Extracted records

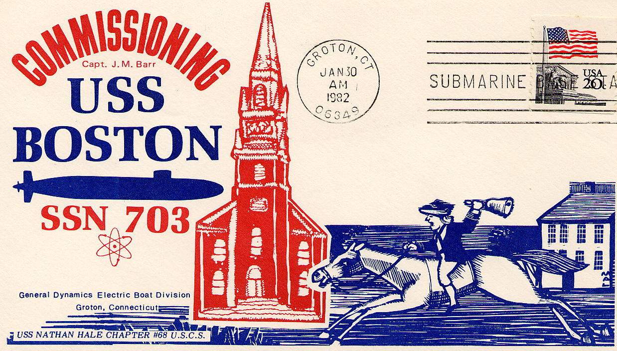 ![]() | 2.12k | Commemorative postal cover marking the commissioning of the Boston (SSN-703) on 30 January 1982. | USN photo courtesy of Scott Koen & ussnewyork.com. | |
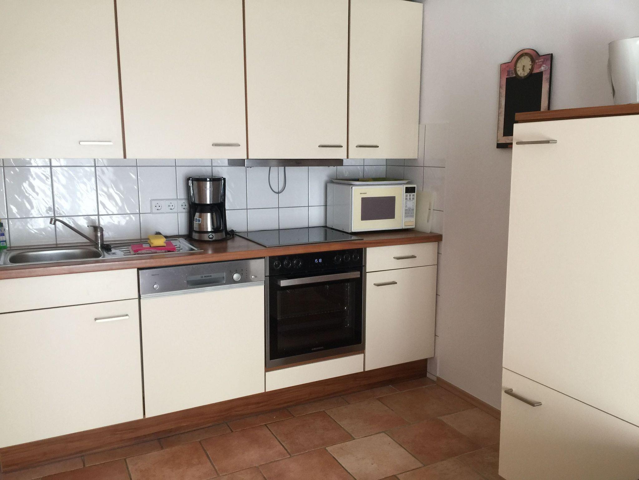 Die Küchenzeile hat u.a. einen Ceranherd, Backofen, Kühlschrank mit Gefrierfach, Geschirrspüler,Mikrowelle, Kaffeemaschine, Toaster und Wasserkocher.
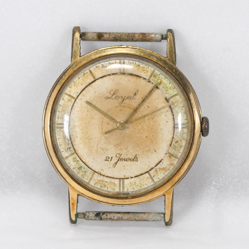 【エニカ】 全体的に傷があり、風防の2時付近に欠けが見られます。 文字盤内の6時と7時付近に緑青があり、またゴミも見られます。 針に若干の腐食がございます。 リューズ操作が若干重たく感じ、また日付の早送りをする際キュルキュルと音がします。 2025年8月に電池交換済の稼働品です。 【ロイヤル】 風防を含む全体的に傷があり、バネ棒を含む全体に錆・緑青・メッキ剥げがあります。 文字盤内に変色・緑青・錆がございます。 針には腐食が見られます。 ケースには欠けている箇所があります。 稼働品です。 | |||
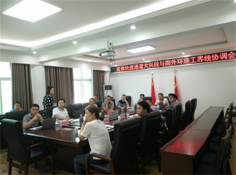 2018年6月20下午,市住建局、市交通局組織成雅快速通道新建項(xiàng)目和南外環(huán)建設(shè)項(xiàng)目兩個(gè)項(xiàng)目業(yè)主單位 、設(shè)計(jì)單位、監(jiān)理單位、施工單位在交建集團(tuán)召開協(xié)調(diào)會,協(xié)商解決成雅快速通道大興段與南外環(huán)設(shè)計(jì)方案對接問題。
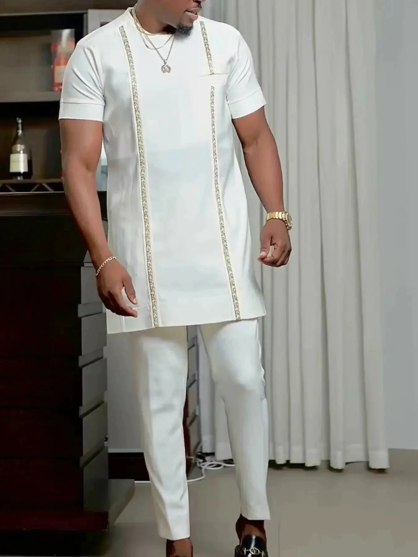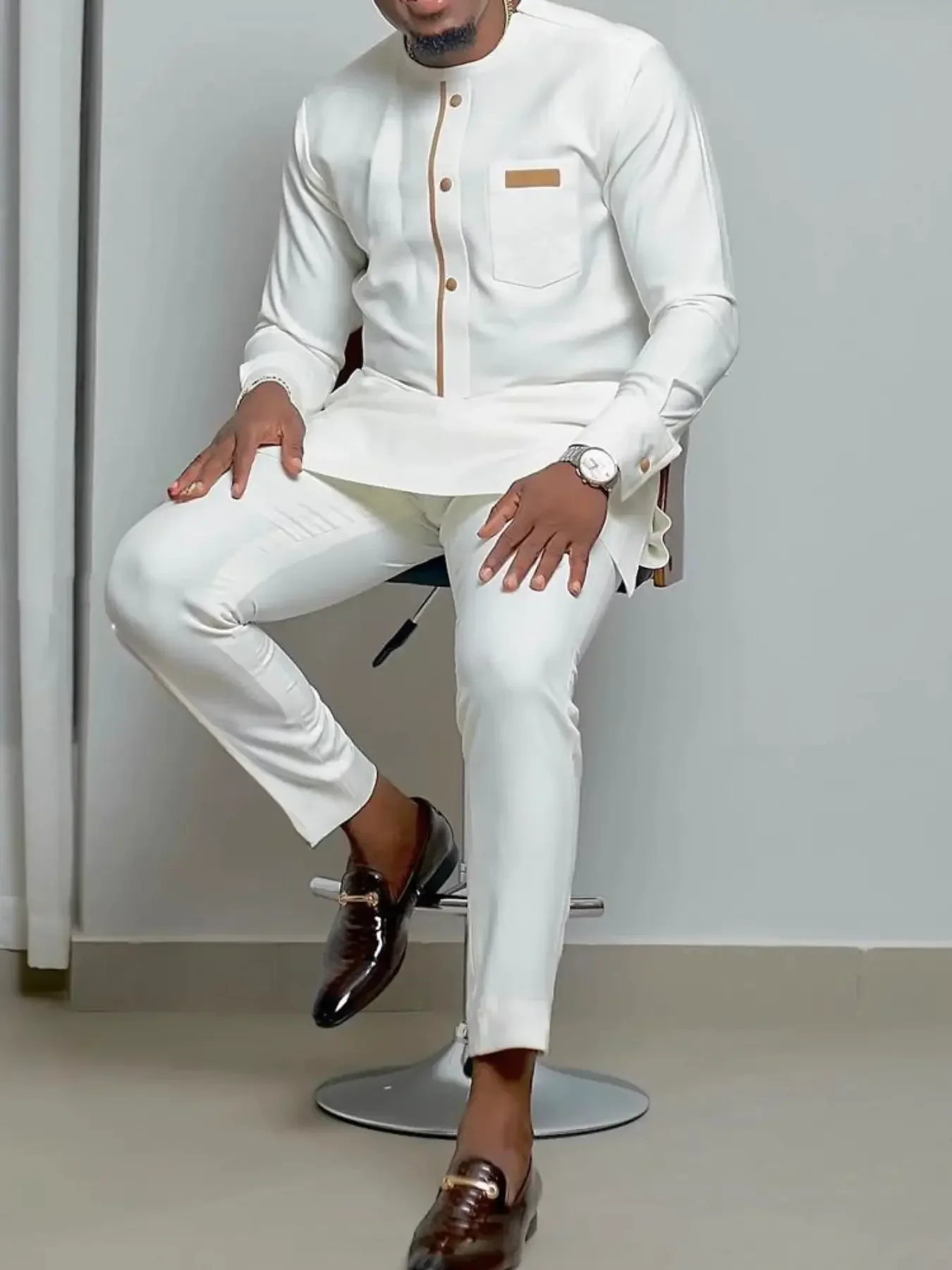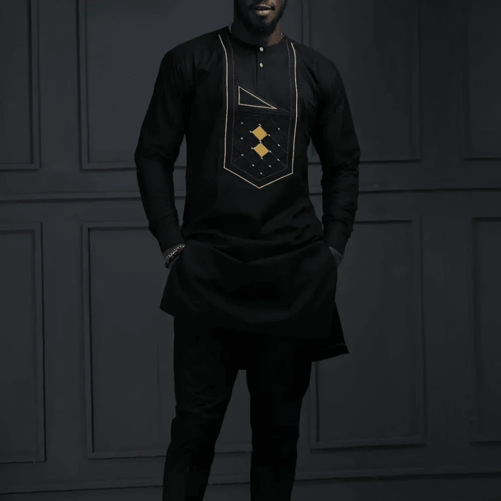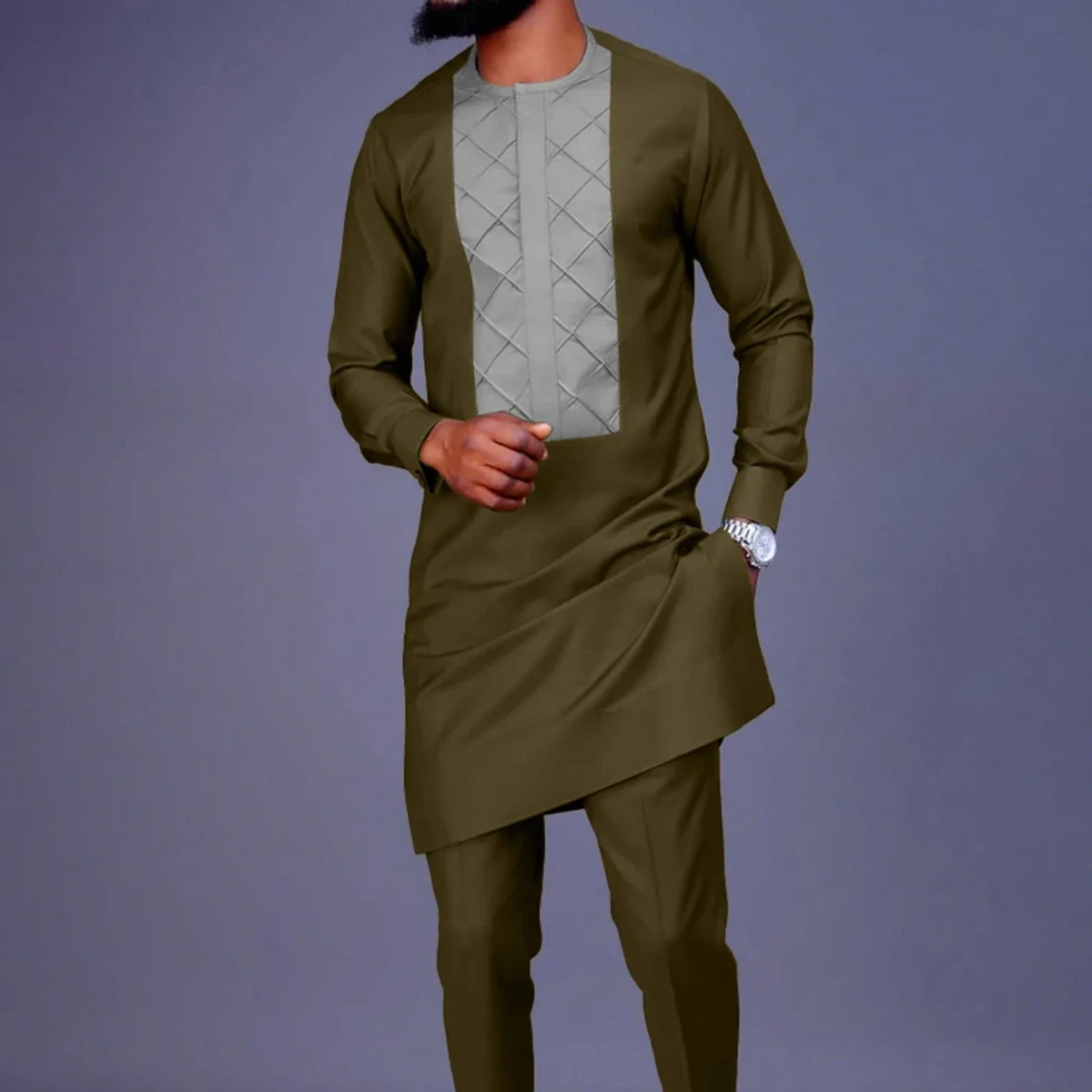 Mans Tracksuits Suits Set Kaftan Embroidered Long Sleeve Tops Pants 2Pcs Set Outfits Wedding Wear African Ethnic Casual Clothing

(Exercise brief): When copying from the data above, print only the lines from the line containing "Die Küchenzeile hat" to the line containing "稼働品です。 | |||", exactly, and leave the pictures out.

(The completed task):
 Die Küchenzeile hat u.a. einen Ceranherd, Backofen, Kühlschrank mit Gefrierfach, Geschirrspüler,Mikrowelle, Kaffeemaschine, Toaster und Wasserkocher.
 【エニカ】 全体的に傷があり、風防の2時付近に欠けが見られます。 文字盤内の6時と7時付近に緑青があり、またゴミも見られます。 針に若干の腐食がございます。 リューズ操作が若干重たく感じ、また日付の早送りをする際キュルキュルと音がします。 2025年8月に電池交換済の稼働品です。 【ロイヤル】 風防を含む全体的に傷があり、バネ棒を含む全体に錆・緑青・メッキ剥げがあります。 文字盤内に変色・緑青・錆がございます。 針には腐食が見られます。 ケースには欠けている箇所があります。 稼働品です。 | |||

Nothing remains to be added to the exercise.